This article originally appeared in the Globe and Mail.
By Aurel Braun, August 14, 2025
Nothing is ever truly predictable with Donald Trump. His upcoming Alaska summit with Russian President Vladimir Putin, viewed with such dread by Ukraine and its allies, is a case in point.
Much of the media and policy focus has been on Mr. Trump’s earlier position that there may have to be territorial compromises to end this terrible war (though he assured EU allies he wouldn’t discuss the matter without Ukraine present), and Ukrainian President Volodymyr Zelensky’s declaration that Kyiv will not accept such a derogation of national sovereignty. Indeed, territorial concessions by Ukraine would be traumatic, unfair and dangerous. Yet, there may be even greater problems that enormously diminish the possibility of a successful outcome.
In negotiations, often the devil resides in the details, and at this summit, which may well decide the future of Ukraine and peace and stability in Europe, there may be grave quandaries – territorial disputes, the format of the discussion, who actually participates, etc. The most bedeviling problem, however, is likely to be the absence of a clear and sustainable American grand strategy that addresses the fundamental principles of any successful settlement. The intention to stop the killing is noble, but it is missing the first principle of a good and lasting outcome: namely, that at the end of any agreement, unless Ukraine, regardless of territorial compromise, emerges as a more secure, stable, independent country that can rebuild in peace and thrive, there will be potentially a continuing mortal danger to Ukraine and a grave threat to democracy.
The American approach thus far, however, has been all transactional, and in the absence of a grand strategy and first principle, all the usual overwhelming American advantages are dissipated. This lacuna alone may prevent success.
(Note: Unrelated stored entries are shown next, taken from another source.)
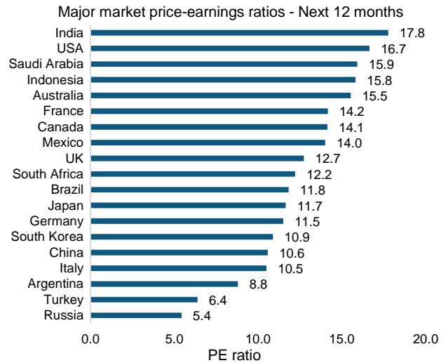
Correct as at 1 April 2019

The PT quarterly report will be available on our website on 10 April 2019.
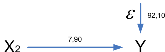
Picture 2. Individual Internal Factors Path Diagram Influencing Decision Making

The coefficient of determination, known as the squared number R, is used for calculation purposes. In this scenario it is equal to 0.079 or 7.90%, indicating that internal factors have a 7.90% impact on decision making. Conversely, 92.10% (100% - 7.90%) can be attributed to other factors.
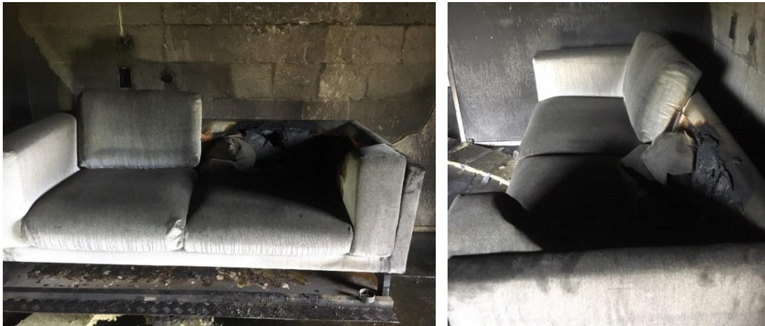
Figure 2.17: Effect mobile water mist system, defensive interior tactic, door closed

the igniting the fire the crew entered the fire room. The mass loss of the sofa was approximately 1-5 kg. Figure 2.17 shows the pictures of the sofa after this experiment.
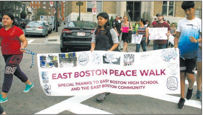
Local teens hold the East Boston Peace Walk banner.
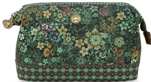
51.274.224 Cosmetic Purse Medium 22.5x9.5x15 cm Tutti i Fiori Green 60% Polyester - 40% PVC Compartment: 1 - Pockets: 2 - Ltr: 2.3 1/36
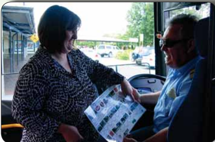
Bus user using Communication board
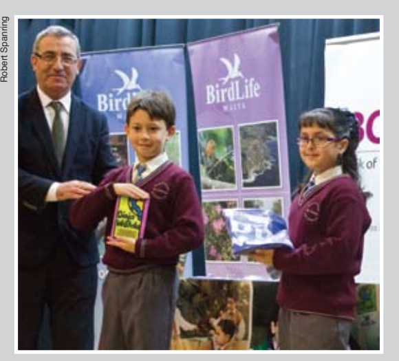
Standing proud. Students from Haż-Żabbar Primary show off their Gold Award and Blue Banner to Education Minister Evarist Bartolo and all present.

The winter wagtail roost in Great Siege and St John Squares provides a fascinating wildlife watching opportunity for anyone visiting Valletta at sunset between October and March. In January, more than 7400 white wagtails were counted in Valletta by BirdLife birdwatchers and members. Valletta is the only known roost site for these small insectivorous birds in mainland Malta. In 2006 the city was designated a National Important Bird Area specifically because of this roost. But in 2012 the ficus trees that form the roost were subjected to unauthorised pruning right in the middle of the winter, displacing thousands of the birds. BirdLife reported the incident to MEPA, and to prevent a similar disaster this year, it installed signs informing the public of the trees' importance for the birds, and why pruning needs to be carried out sensitively, outside the winter months, and only when necessary.

By contrast, Mr. Putin has a grand strategy, which has been consistent throughout the conflict. Rejecting the unconditional, in-place ceasefire that Mr. Trump had originally demanded, Mr. Putin has responded with a cynical, manipulative demand to address the “root causes” of the conflict that he, in fact, precipitated. As resolution, he has invariably insisted on “demilitarization,” “denazification,” and “alliance neutrality” – in short, a Ukraine that is prohibited from joining NATO, with very limited armed forces and a subservient, or at least pliable, government in Kyiv. At the end of any “negotiations,” he wants to see a Ukraine that is effectively helpless. For him, the summit is not just a personal legitimation, but also a means to dictate Ukraine’s surrender.
Second, to use Mr. Trump’s metaphor of a card game, he is wasting a powerful hand, while Mr. Putin, a KGB-trained manipulator backed by a seasoned negotiating team (though playing with a weak deck in leading only a remnant of a superpower, suffering mammoth battlefield losses for minuscule tactical gains, and dealing with a stagnant economy and increasingly vassal status vis-a-vis China), is using his cards brilliantly. All the overwhelming American advantages – being the greatest superpower, with rapidly revitalizing NATO allies – are squandered by Mr. Trump’s eagerness to reach an agreement in his obsessive quest for a Nobel Prize.
Third, credibility in negotiations is a pivotal asset and here Mr. Trump has largely forfeited. His deadlines, red lines and threats of secondary sanctions have all been ephemeral, and his determination to confront the Russian dictator melts even during phone calls. Mr. Trump’s contemptuous dismissal of Mr. Zelensky, posturing that his presence at the summit would not affect the outcome, further encourages Russia.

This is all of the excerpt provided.